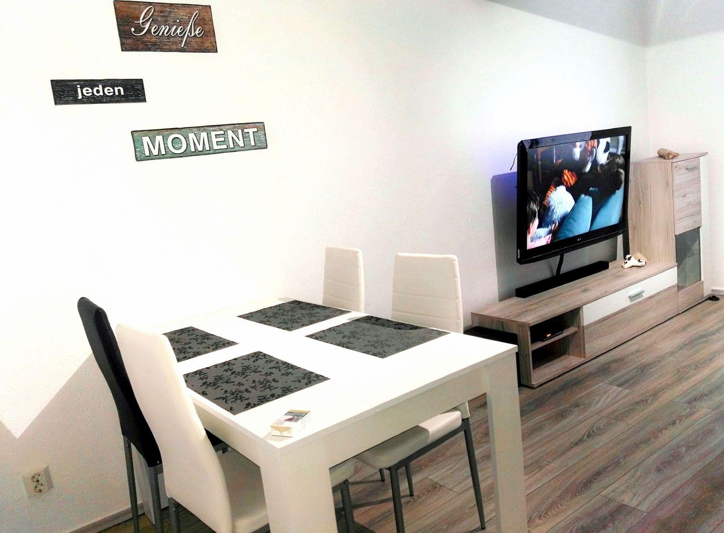 WOHNEN // Wohnraum mit Essbereich, Couch mit Schlaffunktion, Flachbild-TV (Kabel), Radio ++
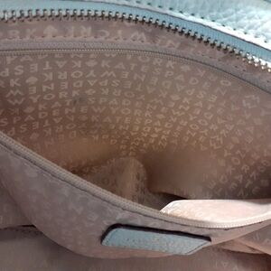 Kate Spade powder blue satchel. good condition with a couple of call outs on the outside but inside is in great shape. Comes with scarf and Kate Spade pencil pouch polka dot
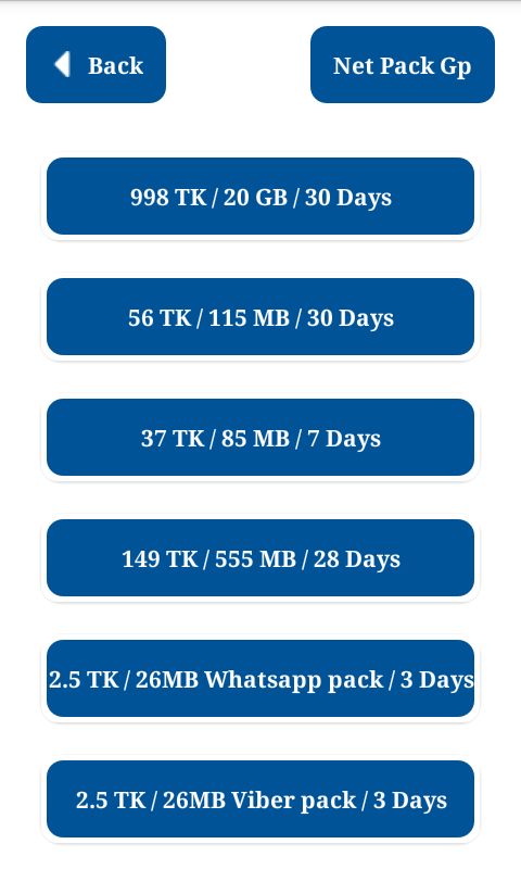”Internet pack gp -ইন্টারনেট প্যাক জিপি” আমাদের এ এ্যাপস টিতে জিপি সিমের সকল নতুন আপডেট বিভিন্ন ইন্টারনেট প্যাকেজ এর তথ্য দিয়ে সাজানো হয়ছে। আপনাদের আর কষ্ট করে দোকানদার দের বলতে হবে না শুধু মাত্র আমাদের এ এ্যাপস আপনার মোবাইল এ থাকলে আপনি নিজে নিজেই বিভিন্ন ইন্টারনেট প্যাকেজ নিতে পারবেন অতি সহজেই । যেভাবে ইন্টারনেট নিবেন , প্র্রথমে কোন প্যাকেজ টি নিবেন তা দেখুন, এবং সে প্যাকেজ টির activation code Dial এর উপর চেপে ধরে কোডটি সিলেট করে তা Copy করে ,আপনার মোবাইলের Keypad এ তা Paste করুন । তাহলে নির্দিষ্ট পরিমান ইন্টারনেট প্যাকেজ টি পেয়ে যাবেন । এছাড়া আপনাদের মেসেজে বিভিন্ন সময় যে অফার গুলো দেয় সে গুলো শুধু কিছু সময়ের জন্য ।
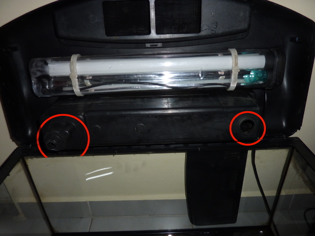 Така.. колега, това което имаш ти е само един капак с осветление. Липсва ти филтъра - на първия линк снимката. Той е под вода и засмуква водата. Закрепя се на този издаден мущук от твоя капак и излива водата върху тази керамика(тия бели гранули) като над тия гранули трябва да има една вата. Така водата се засмуква и се качва в капака минава през една надупчена тръбичка (виж втория и третия линк) и се отича през ватата после през керамиката и се излива от другата дупка в аквариума ти. Това е филтрацията. А нагревателя си е съвсем отделно устройство. Съвета ми е да идеш до някой магазин и да си земеш липсващите неща.
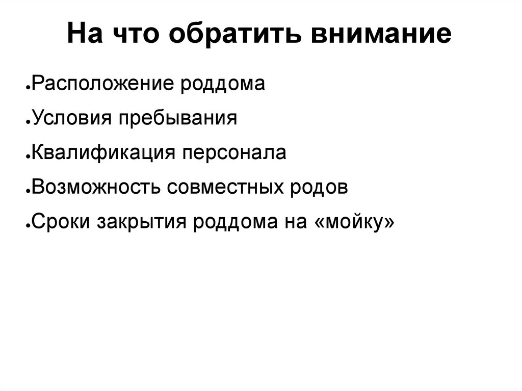 На что обратить вниманиеРасположение роддома
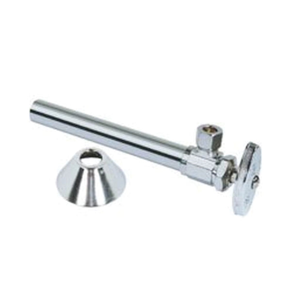 BrassCraft® 1/2 in nominal sweat inlet x 3/8 in OD compression outlet multi-turn angle valve with 5 in sweat Extension Tube and Bell Escutcheon controls water flow to household plumbing fixtures like faucets, toilets, dishwashers, icemakers, washing machines. The angle valve is most often used where the water pipe enters the room from the wall. With a few turns of the valve handle, you are able to stop or start the flow of water leading to the plumbing fixture, allowing for maintenance and repair without shutting off water to the entire home.
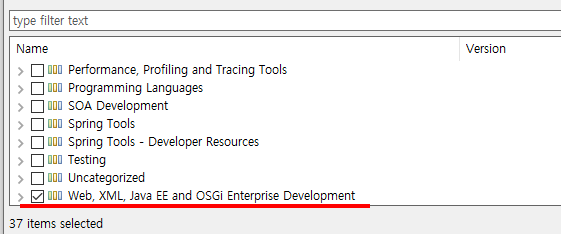 ● 4. 나타난 리스트에서 "Web, XML, Java EE and OSGi Enterprise Development"를 체크하고 next를 클릭합니다.
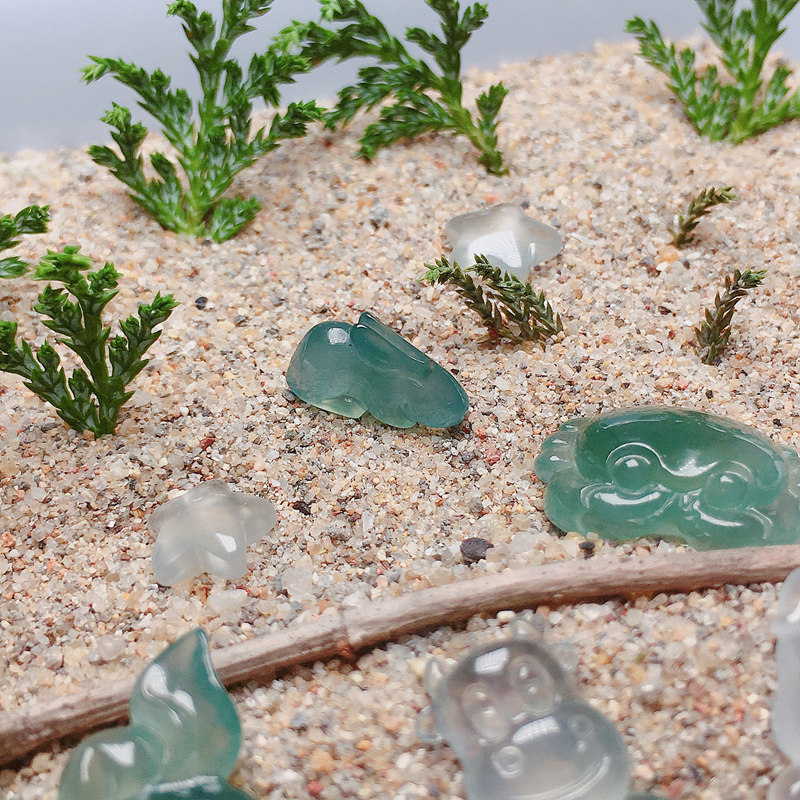 Yu Rim Xing Jewelry Emerald Straight Podcast Jade Buddha Male Ice Seed Guanyin High Ice Top Pearl Egg Noodles 18k Inlay Ring Surface
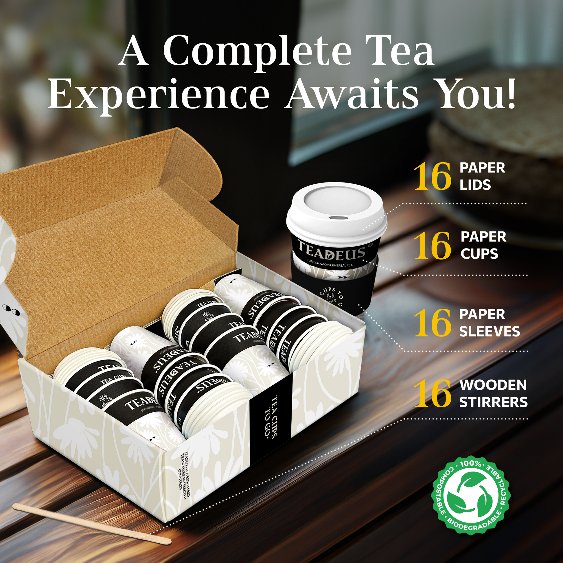 With our tea cups, you'll also get all you need to enjoy your tea anywhere and anytime. The set includes a wooden stirrer, a paper lid, and a paper sleeve for each cup.
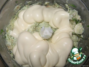 Измельчить в блендере колбасный сыр, кинзу, чеснок. Добавить майонез и чёрный перец.
::::
What is being asked - Keep each line of the records exactly as it is while transcribing them, but leave the images behind.

Solution to this exercise -
 WOHNEN // Wohnraum mit Essbereich, Couch mit Schlaffunktion, Flachbild-TV (Kabel), Radio ++
 Kate Spade powder blue satchel. good condition with a couple of call outs on the outside but inside is in great shape. Comes with scarf and Kate Spade pencil pouch polka dot
”Internet pack gp -ইন্টারনেট প্যাক জিপি” আমাদের এ এ্যাপস টিতে জিপি সিমের সকল নতুন আপডেট বিভিন্ন ইন্টারনেট প্যাকেজ এর তথ্য দিয়ে সাজানো হয়ছে। আপনাদের আর কষ্ট করে দোকানদার দের বলতে হবে না শুধু মাত্র আমাদের এ এ্যাপস আপনার মোবাইল এ থাকলে আপনি নিজে নিজেই বিভিন্ন ইন্টারনেট প্যাকেজ নিতে পারবেন অতি সহজেই । যেভাবে ইন্টারনেট নিবেন , প্র্রথমে কোন প্যাকেজ টি নিবেন তা দেখুন, এবং সে প্যাকেজ টির activation code Dial এর উপর চেপে ধরে কোডটি সিলেট করে তা Copy করে ,আপনার মোবাইলের Keypad এ তা Paste করুন । তাহলে নির্দিষ্ট পরিমান ইন্টারনেট প্যাকেজ টি পেয়ে যাবেন । এছাড়া আপনাদের মেসেজে বিভিন্ন সময় যে অফার গুলো দেয় সে গুলো শুধু কিছু সময়ের জন্য ।
 Така.. колега, това което имаш ти е само един капак с осветление. Липсва ти филтъра - на първия линк снимката. Той е под вода и засмуква водата. Закрепя се на този издаден мущук от твоя капак и излива водата върху тази керамика(тия бели гранули) като над тия гранули трябва да има една вата. Така водата се засмуква и се качва в капака минава през една надупчена тръбичка (виж втория и третия линк) и се отича през ватата после през керамиката и се излива от другата дупка в аквариума ти. Това е филтрацията. А нагревателя си е съвсем отделно устройство. Съвета ми е да идеш до някой магазин и да си земеш липсващите неща.
 На что обратить вниманиеРасположение роддома
 BrassCraft® 1/2 in nominal sweat inlet x 3/8 in OD compression outlet multi-turn angle valve with 5 in sweat Extension Tube and Bell Escutcheon controls water flow to household plumbing fixtures like faucets, toilets, dishwashers, icemakers, washing machines. The angle valve is most often used where the water pipe enters the room from the wall. With a few turns of the valve handle, you are able to stop or start the flow of water leading to the plumbing fixture, allowing for maintenance and repair without shutting off water to the entire home.
 ● 4. 나타난 리스트에서 "Web, XML, Java EE and OSGi Enterprise Development"를 체크하고 next를 클릭합니다.
 Yu Rim Xing Jewelry Emerald Straight Podcast Jade Buddha Male Ice Seed Guanyin High Ice Top Pearl Egg Noodles 18k Inlay Ring Surface
 With our tea cups, you'll also get all you need to enjoy your tea anywhere and anytime. The set includes a wooden stirrer, a paper lid, and a paper sleeve for each cup.
 Измельчить в блендере колбасный сыр, кинзу, чеснок. Добавить майонез и чёрный перец.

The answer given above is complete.